Canadian legal scholar

Jocelyn Grant Downie was the James S. Palmer Chair in Public Policy and Law at Schulich School of Law. She was the first Dalhousie scholar to be named a Pierre Elliott Trudeau Foundation Fellow.

==Early life and education==
While studying at Queen's University, Downie volunteered at Kingston General Hospital as a candy striper. While there, she saw an advertisement for palliative care volunteers and trained them to become one. After earning her Bachelor of Arts and Master's degree, Downie earned her M.Litt at the University of Cambridge. Upon her return to Canada, Downie accepted a position as a research associate at the Westminster Institute for Ethics and Human Values.

==Career==
After law school, Downie clerked for Chief Justice Lamer at the Supreme Court of Canada, and after graduate school she was the director of Dalhousie Health Law Institute. In 2004, she published "Dying Justice: A Case for Decriminalizing Euthanasia and Assisted Suicide in Canada." In her role as director, she was selected to be a Canada Research Chair in Health Law and Policy and sat on the Experts Committee for Human Research Participant Protection in Canada. In 2010, Downie was elected a Fellow of the Royal Society of Canada.

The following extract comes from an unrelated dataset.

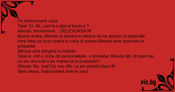 Tatal ei, intr-o criza de personalitate, o intreaba: Alinuta tati, iti pare rau ca am aruncat-o pe mama-ta in prapastie?

In 2015, Downie was involved in the result of Carter v Canada. She served as a Special Advisor to the Canadian Senate Committee on Euthanasia and Assisted Suicide and worked with the pro bono legal team in the case. In the same year, Downie became the first scholar in Nova Scotia to be named a Pierre Trudeau Trudeau Foundation Fellow. She used this fellowship to gather data regarding assisted dying in Canada. She also sat on the Provincial-Territorial Expert Advisory Group on Physician-Assisted Dying. The next year, she received the 2016 CIHR Barer-Flood Prize in Health Services and Policy Research. On July 1, 2016, Downie was appointed to University Research Professor for a five-year period.

In 2018, Downie was appointed the James S. Palmer Chair in Public Policy and Law at Schulich School of Law. She was also named a member of the Order of Canada.